## Action item
The answer is to be the lines below that lie between the line holding "Die Agilite Team" and the line holding "馬年(うまねつ)の干支年、桃", inclusive, transcribed exactly and free of pictures.

## Records to use
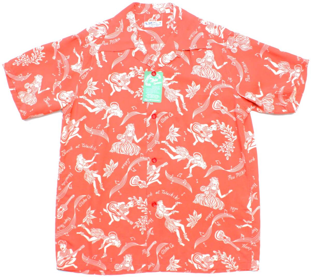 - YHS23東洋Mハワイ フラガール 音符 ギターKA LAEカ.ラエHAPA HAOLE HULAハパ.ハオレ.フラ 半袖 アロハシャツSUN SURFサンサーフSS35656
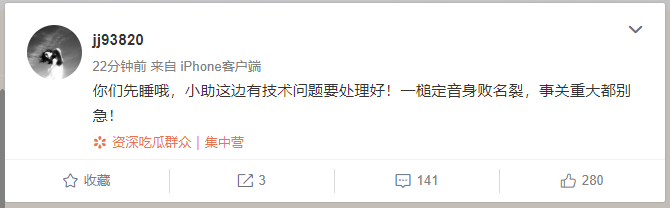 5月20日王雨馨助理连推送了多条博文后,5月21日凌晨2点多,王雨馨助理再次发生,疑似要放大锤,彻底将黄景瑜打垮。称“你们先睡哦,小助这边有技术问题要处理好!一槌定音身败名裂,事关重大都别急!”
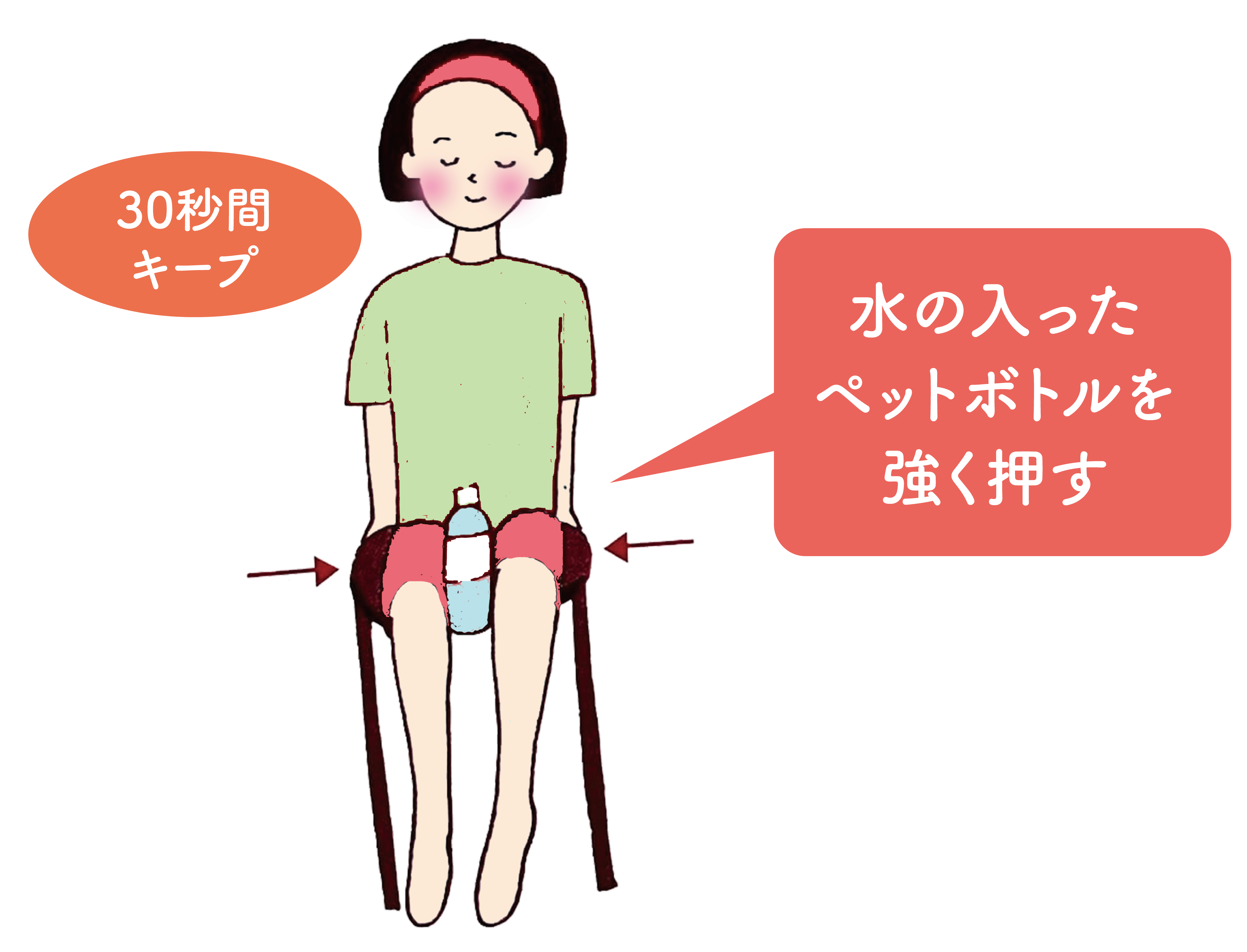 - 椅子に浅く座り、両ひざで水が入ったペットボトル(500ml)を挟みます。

---

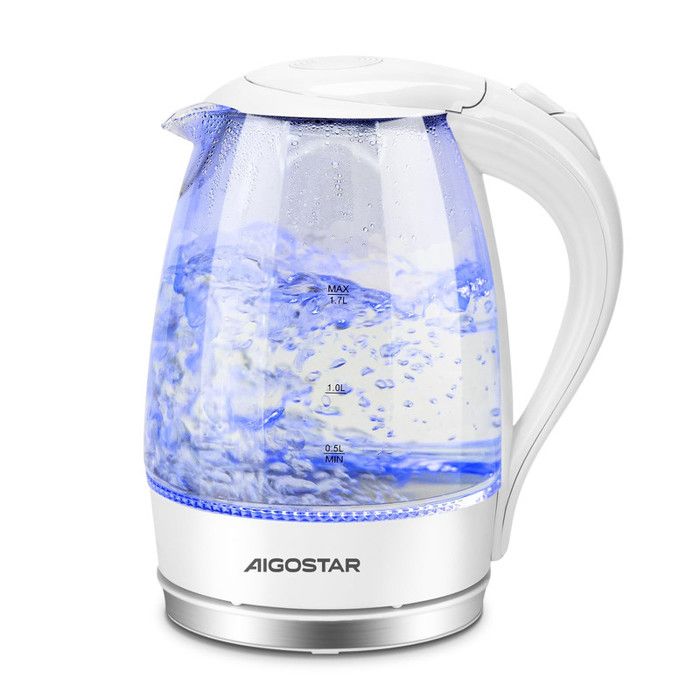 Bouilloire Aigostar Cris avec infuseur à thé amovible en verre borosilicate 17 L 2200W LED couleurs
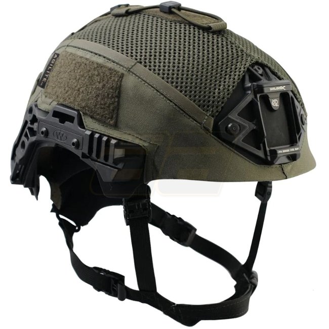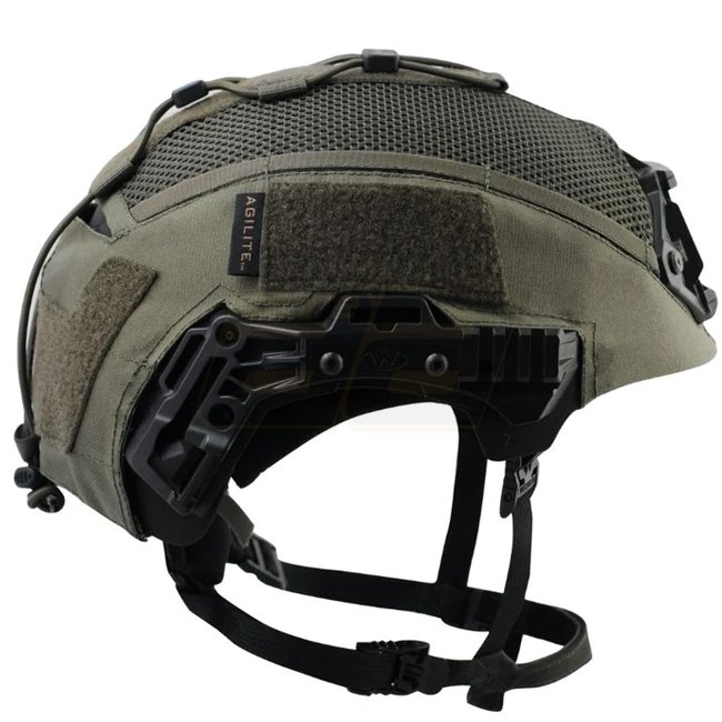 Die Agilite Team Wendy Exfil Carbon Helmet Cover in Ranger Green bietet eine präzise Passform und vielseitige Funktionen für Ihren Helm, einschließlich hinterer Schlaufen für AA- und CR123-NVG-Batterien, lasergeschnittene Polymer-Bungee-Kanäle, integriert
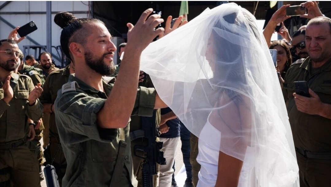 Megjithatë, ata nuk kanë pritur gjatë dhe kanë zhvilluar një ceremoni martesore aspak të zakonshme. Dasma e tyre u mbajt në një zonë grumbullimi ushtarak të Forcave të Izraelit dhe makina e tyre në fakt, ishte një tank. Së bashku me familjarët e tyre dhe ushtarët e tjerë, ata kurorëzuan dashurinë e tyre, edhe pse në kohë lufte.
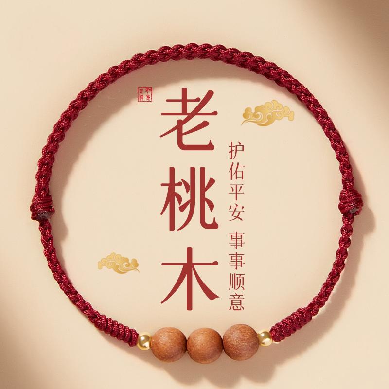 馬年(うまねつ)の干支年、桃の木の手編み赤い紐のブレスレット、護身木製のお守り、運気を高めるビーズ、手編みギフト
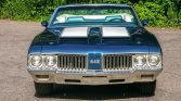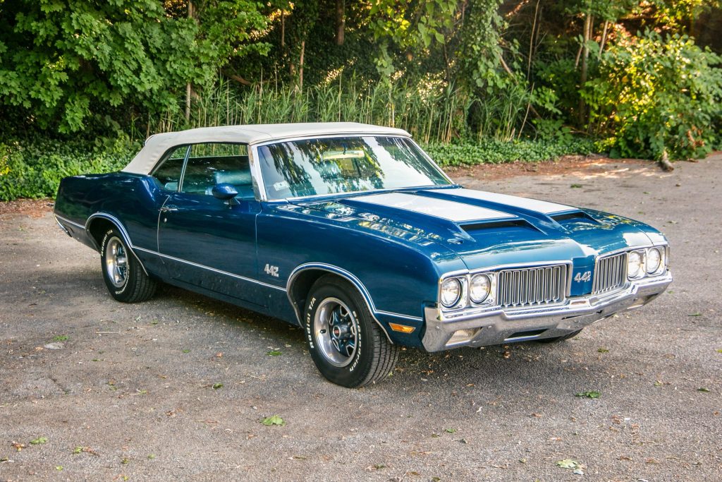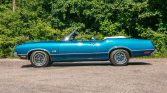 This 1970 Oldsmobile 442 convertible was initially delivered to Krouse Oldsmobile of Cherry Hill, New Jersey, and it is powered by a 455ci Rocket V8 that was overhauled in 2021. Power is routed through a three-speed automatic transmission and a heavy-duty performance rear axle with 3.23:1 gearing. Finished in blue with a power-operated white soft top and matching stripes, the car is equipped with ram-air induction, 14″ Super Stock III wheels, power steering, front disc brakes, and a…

---

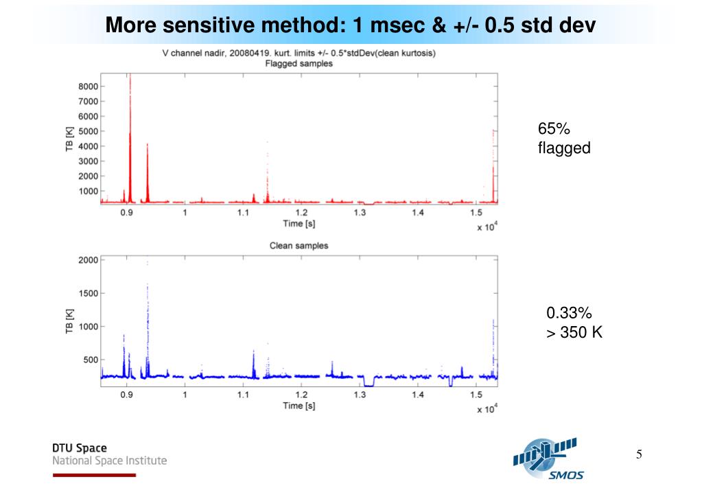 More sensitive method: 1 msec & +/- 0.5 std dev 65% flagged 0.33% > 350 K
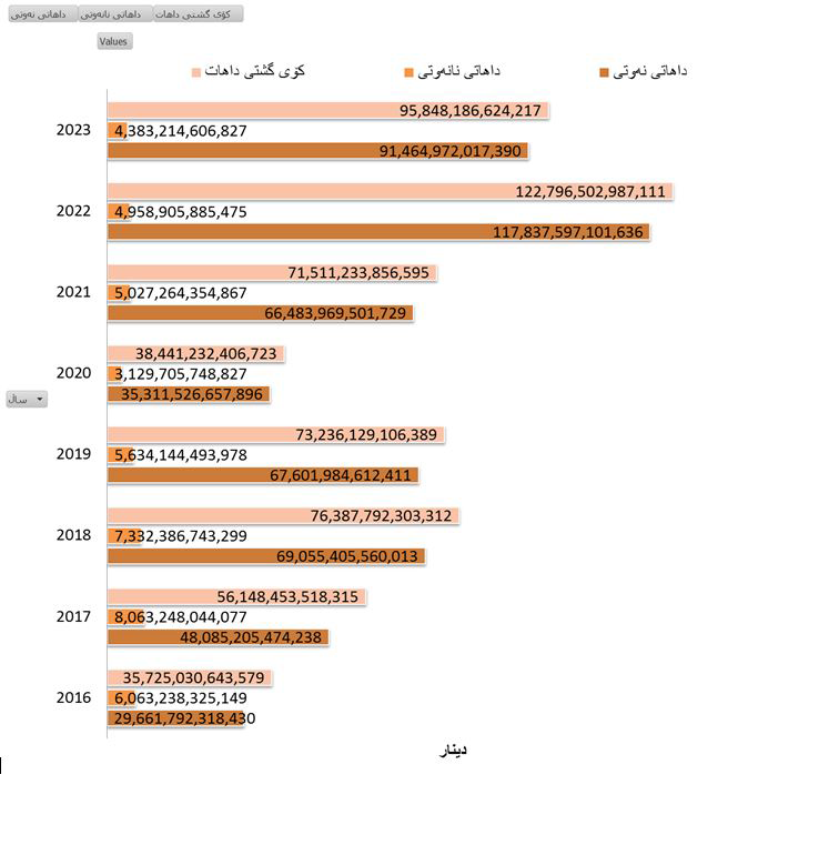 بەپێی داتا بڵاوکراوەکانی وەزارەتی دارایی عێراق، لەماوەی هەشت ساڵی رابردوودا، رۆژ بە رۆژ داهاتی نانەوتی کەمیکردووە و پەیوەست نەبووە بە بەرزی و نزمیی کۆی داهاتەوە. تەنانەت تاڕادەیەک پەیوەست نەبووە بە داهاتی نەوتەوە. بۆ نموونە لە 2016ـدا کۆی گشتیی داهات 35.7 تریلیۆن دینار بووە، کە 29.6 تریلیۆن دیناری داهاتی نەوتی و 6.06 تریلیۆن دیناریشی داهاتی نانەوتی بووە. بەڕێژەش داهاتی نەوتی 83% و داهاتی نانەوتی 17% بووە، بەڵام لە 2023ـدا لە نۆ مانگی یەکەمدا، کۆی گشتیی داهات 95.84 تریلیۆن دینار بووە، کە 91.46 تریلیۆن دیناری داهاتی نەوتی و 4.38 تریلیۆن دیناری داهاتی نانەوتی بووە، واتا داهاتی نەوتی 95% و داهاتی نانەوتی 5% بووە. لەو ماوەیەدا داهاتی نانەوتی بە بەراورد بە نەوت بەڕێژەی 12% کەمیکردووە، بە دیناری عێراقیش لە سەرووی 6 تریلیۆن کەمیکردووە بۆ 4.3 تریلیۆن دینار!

## Solution
 Die Agilite Team Wendy Exfil Carbon Helmet Cover in Ranger Green bietet eine präzise Passform und vielseitige Funktionen für Ihren Helm, einschließlich hinterer Schlaufen für AA- und CR123-NVG-Batterien, lasergeschnittene Polymer-Bungee-Kanäle, integriert
 Megjithatë, ata nuk kanë pritur gjatë dhe kanë zhvilluar një ceremoni martesore aspak të zakonshme. Dasma e tyre u mbajt në një zonë grumbullimi ushtarak të Forcave të Izraelit dhe makina e tyre në fakt, ishte një tank. Së bashku me familjarët e tyre dhe ushtarët e tjerë, ata kurorëzuan dashurinë e tyre, edhe pse në kohë lufte.
 馬年(うまねつ)の干支年、桃の木の手編み赤い紐のブレスレット、護身木製のお守り、運気を高めるビーズ、手編みギフト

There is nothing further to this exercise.